Occasionally a new book surprises the publishing world. Some upstart company puts out a best-seller, or perhaps it s self-published. There's no great budget behind the book's sue-cess—no TV ads, store displays, talk show appearances. The book succeeds through word of mouth because it meets a need. And the executives in the major publishing houses are left shaking their heads, wondering, Why didn't we see that coming? (And they scramble to produce their own books to meet the newly recognized need.)

The modern craze for Christian fiction started that way, when Peretti's This Present Darkness struck gold. In the last few years of the century, we've seen another low-key book gain popularity: Experiencing God by Blackaby and King. Church Bible studies are using it as a curriculum and passing it throughout their churches, and to other churches. The Southern Baptist Convention was the incubator for this book (Blackaby and King both work with the SBC), but Experiencing God has crossed many denominational borders. (We have seen it used broadly in our Methodist and Presbyterian churches.)

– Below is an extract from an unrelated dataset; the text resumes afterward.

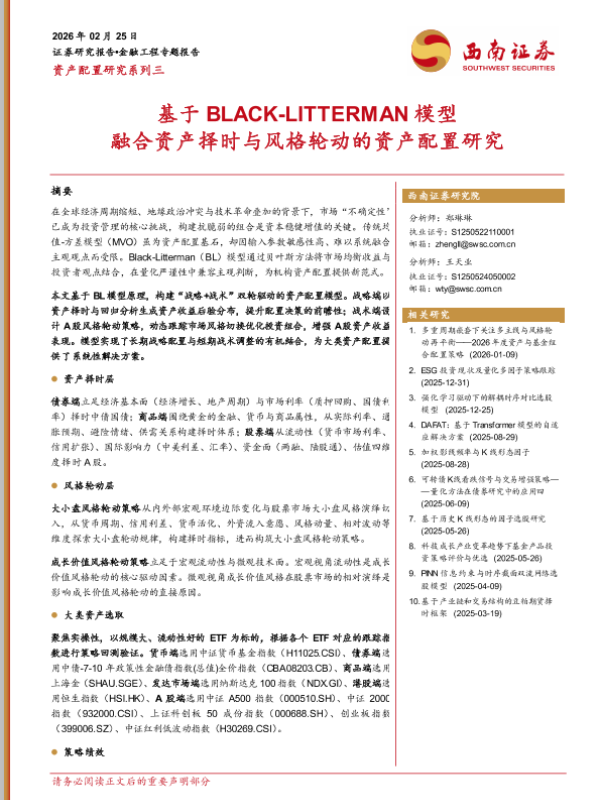 【西南证券】【2026】基于BLACK-LITTERMAN模型融合资产择时与风格轮动的资产配置研究-27页 证券期货研究报告
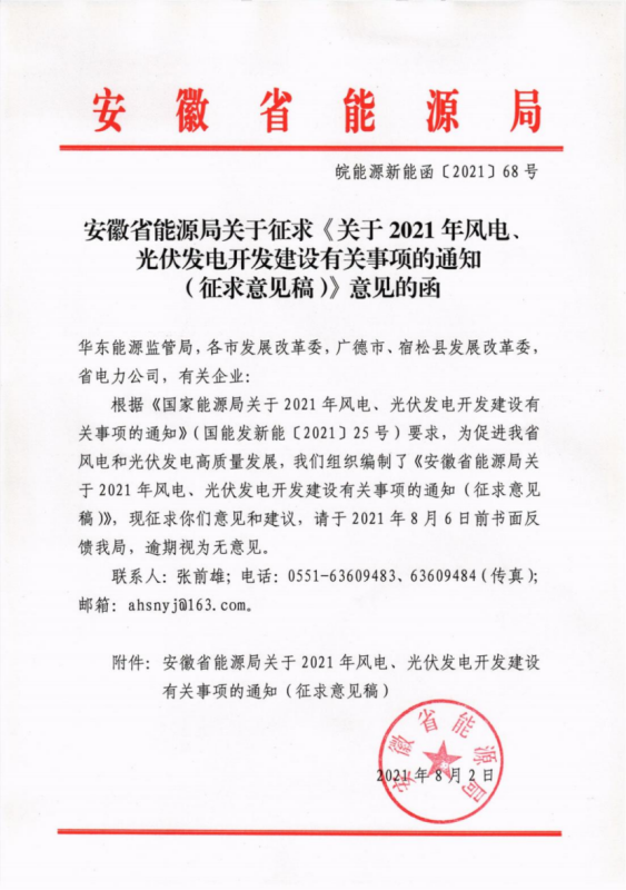 8月2日,安徽省能源局公布了關(guān)于征求《2021年風(fēng)電、光伏發(fā)電開發(fā)建設(shè)有關(guān)事項(xiàng)的通知(征求意見稿)》意見的函。意見稿中明確,安徽省2021年的光伏與風(fēng)電保障性規(guī)模,優(yōu)先用于安排存量項(xiàng)目。

What's the appeal? Experiencing God covers a subject that (amazingly) keeps getting lost in our ecclesiastical shuffles. We all want to experience God, don't we? But how quickly we forget about that as we hurry from our potluck suppers to our protest marches. Some churches emphasize knowledge about God and about the Bible. Some want to fight for God and redeem our society. Some want to draw new believers toward God and communicate effectively with seekers. There's nothing wrong with any of that, except it all leaves us hungering for something more basic: experiencing God's presence in our lives. That's the hunger that Blackaby and King have addressed.

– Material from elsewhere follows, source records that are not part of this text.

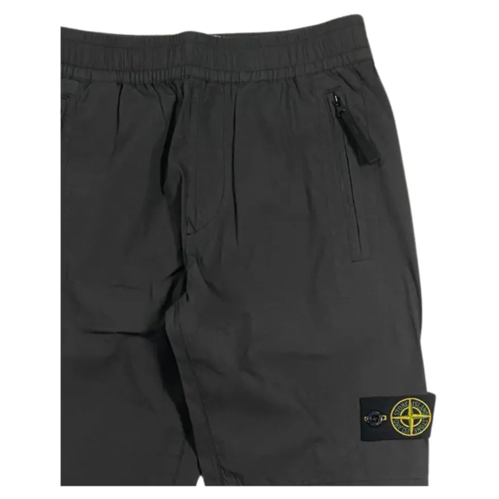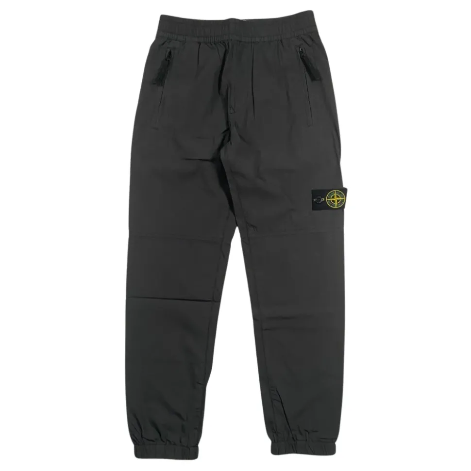 Stone Island Kids grijze katoenen en nylon broek met een elastische tailleband en interne trekkoord, twee zijzakken met rits, een grote centrale achterzak met drukknopen, elastische manchetten en een regular fit. Samenstelling: 74% katoen, 26% polyester. Gemaakt in Italië.
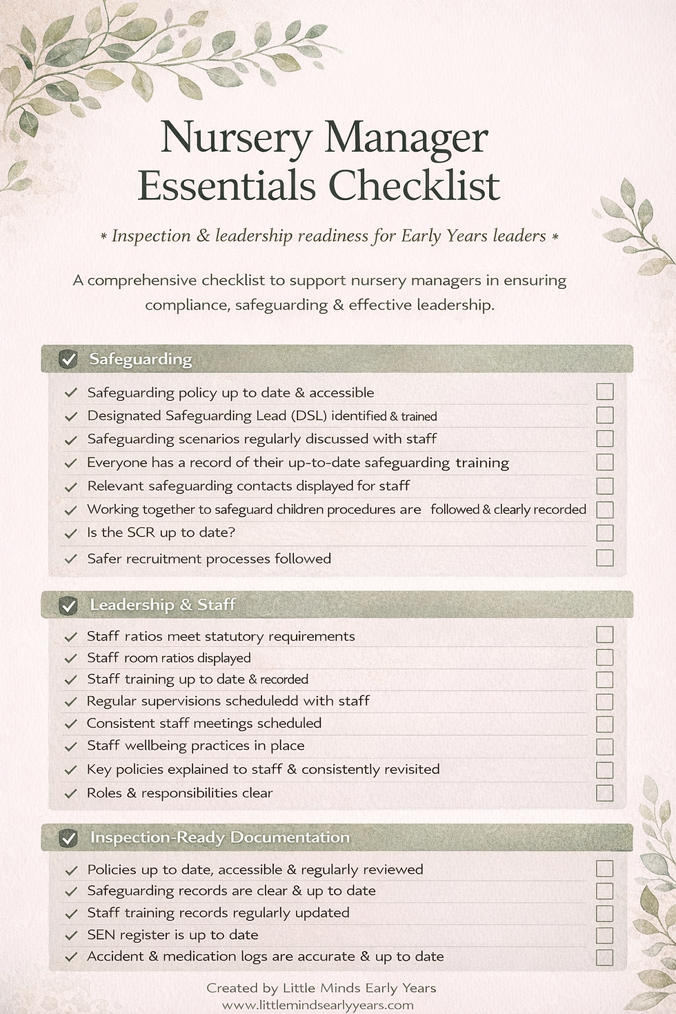 Practical resources to support supervision, planning, and day-to-day leadership in early years settings.
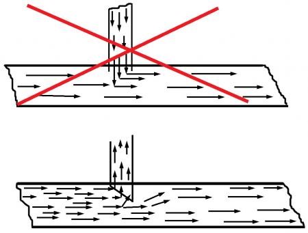 6.   "Mrożenie" gaźnika wystąpi także, gdy nieprawidłowo wspawamy rurkę łączącą  do rury wydechowej. Nieprawidłowe jak i właściwe postępowanie pokazuję na rys. 7.

Critics have panned the book for several reasons. Sure, it's simplistic and it uses too many stories about church buildings and ministries and finances. But somehow its readers have been getting past all those problems. They've been learning how to experience God in their own lives—and in their own churches.

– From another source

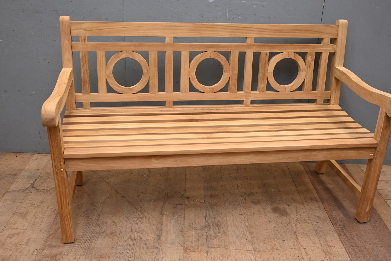 A TEAK OUTDOOR BENCH SEAT (92H X 152W X 67D CM) (LEONARD JOEL DELIVERY SIZE: LARGE)
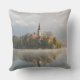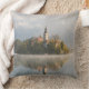 Gooi een kussen met een fogige zonsopgang bij het Bled-meer met een kerk en mist met reflectie in het water in het eerste zonlicht van de ochtend in Slovenië.

Experiencing God is systematic and practical, offering seven principles and ways of applying them. "God is always at work around you" is the first principle. Blackaby and King go on to talk about how God invites us to work with him, how he speaks to us, and how we can respond to him. If God has seemed merely like an academic notion to you, or some distant spiritual enLity, this is exciting stuff—you can participate in the work of God! And if your church has too many committee meetings and not enough life-changing events, these ideas are revolutionary.

The book is actually a workbook with assignments for twelve "units" of five days each. Readers are led in the study of Scripture and invited to write down their responses. Publishers will tell you that workbooks don't sell, that no one wants to go back to school. Guess again. Often a book will be so successful that a workbook will be published later. In this case the workbook came, first (1990), and the book with the same title followed (1994); both achieved best-seller status.

We know it's iffy to put such a recent book in our list of the most important Christian books of the century. Usually you need time to sift out the trivial from the tried and true. But we include Experiencing God not only on its own merits, but as a representative of all the "little" books that bring Christian publishing back to its basic principles—authors with ideas to share with readers, ideas that just might change some lives.